In their head-to-head meetings, Nadal leads comfortably, both overall (24-16) and in the Grand Slams (10-4).

In the majors, Nadal and Federer have won on their favored surfaces. The Spaniard (Nadal) is 6-0 against Federer at the French Open, while the Swiss Maestro (Federer) is 3-1 against Nadal at Wimbledon. However, on the more neutral hardcourt surface, Nadal leads Federer 3-1. These four hardcourt matches were all contested at the Australian Open, as the two have never faced each other at the U.S. Open.

Nadal and Federer have both ended the year 11 times as either No. 1 or No. 2 in the world. Federer leads in number of weeks at No. 1 but, once again, he’s five years older.

Federer has produced an astounding six titles at the Tour Finals, but it’s a roundrobin tournament contested indoors. Likewise, while Nadal has helped lead Spain to five Davis Cup titles, that’s a team competition and Spain tends to field a much deeper team than Switzerland.

Federer and Nadal have both won Olympic gold in doubles competition. But Nadal has won the so-called “career Golden Slam” that includes winning all four majors at least once, as well as an Olympic gold medal in singles. The only other male player to achieve that feat is Andre Agassi.

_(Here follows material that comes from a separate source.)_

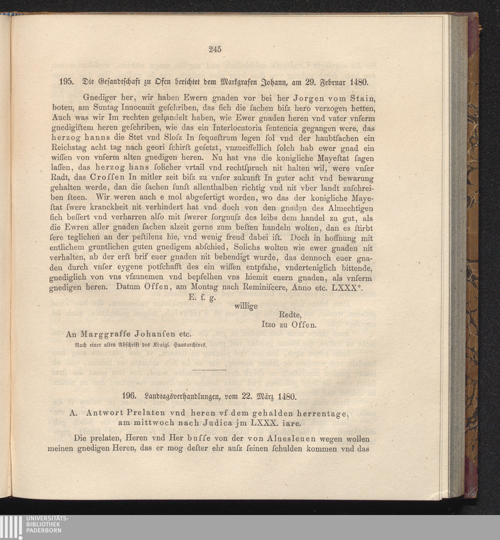 195. Die Gesandschaft zu Osen berichtet dem Markgrafen Johann, am 29. Februar 14[...]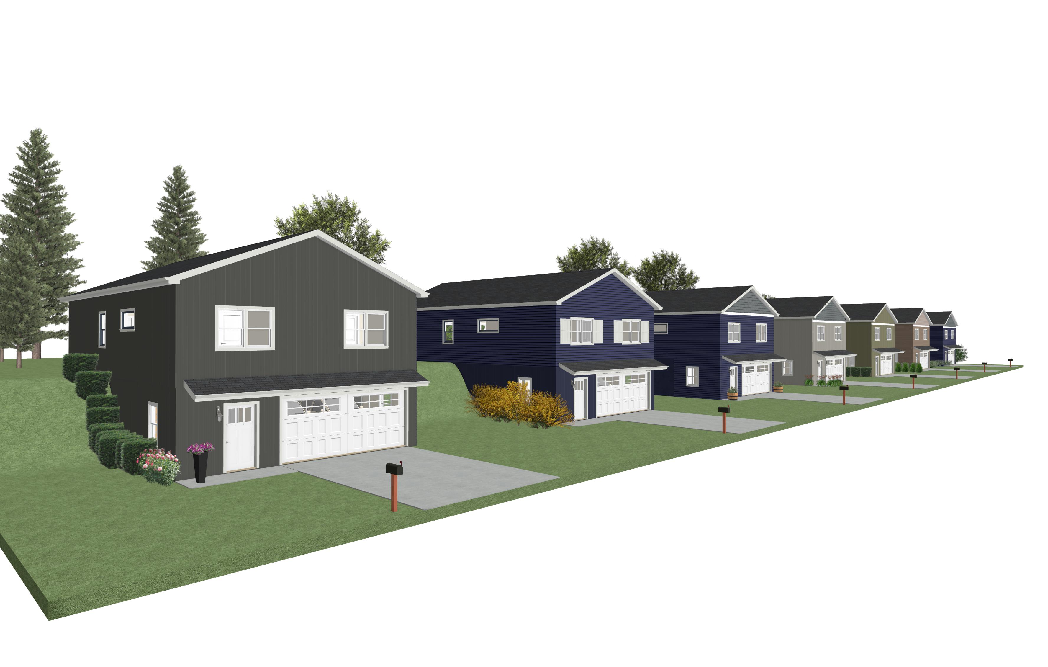 a serene suburban neighborhood with modern two story houses lined up on a slightly sloped street the houses display a dynamic range of colors including slate gray deep navy blue cool taupe and olive green all with white trim the lush green lawns and neatly trimmed hedges add vibrancy while scattered flower pots with blooming plants in shades of pink and yellow enhance the front yards tall green pine trees in the background adding depth and a natural touch to the scenery the atmosphere is calm and inviting with a clear blue sky and soft sunlight casting gentle shadows creating a warm and welcoming environment architecture

The Swiss Maestro once reached 10 consecutive Grand Slam finals. Nadal remains the only player in tennis history to win a major on grass, clay and hardcourt in the same calendar year (2010).

Rod Laver won all four majors during two different calendar seasons, which is referred to as the “calendar Grand Slam.” However, Laver notched these accomplishments before the introduction of hardcourt at the Grand Slam level. That means Laver won three majors on grass, and one on clay, during the two years in which he completed the calendar Slam.

Since the introduction of hardcourt at the U.S. Open (and later at the Australian Open) Nadal is the only player to win a Slam on all three surfaces in the same calendar year (a.k.a. the ”Surface Slam.”) Nadal is also the youngest player in the Open Era to achieve the career Grand Slam, meaning he won all four majors at least once at the youngest age.

Rafael Nadal

There’s a solid argument that Nadal has already edged ahead of Federer in the GOAT race. Even without the overall Slam record, Nadal’s achievements at the age of 33½ have clearly been more impressive than what Federer accomplished by the same age.

Interestingly, Federer himself suggested recently that the Spaniard “is going to go down as maybe the greatest player of all time. He’s that good of course.”

Luckbox is picking Nadal, but regardless of where one stands on this GOAT debate, there’s no denying that results from 2020 could go a long way in pushing the final decision in one direction or the other. That’s why the next tennis season might be the most-anticipated of all time.

Still, Djokovic—with victories in 16 majors— could ultimately edge both Nadal and Federer for the “GOAT” designation. The 2020 season may go a long way in deciding that, too.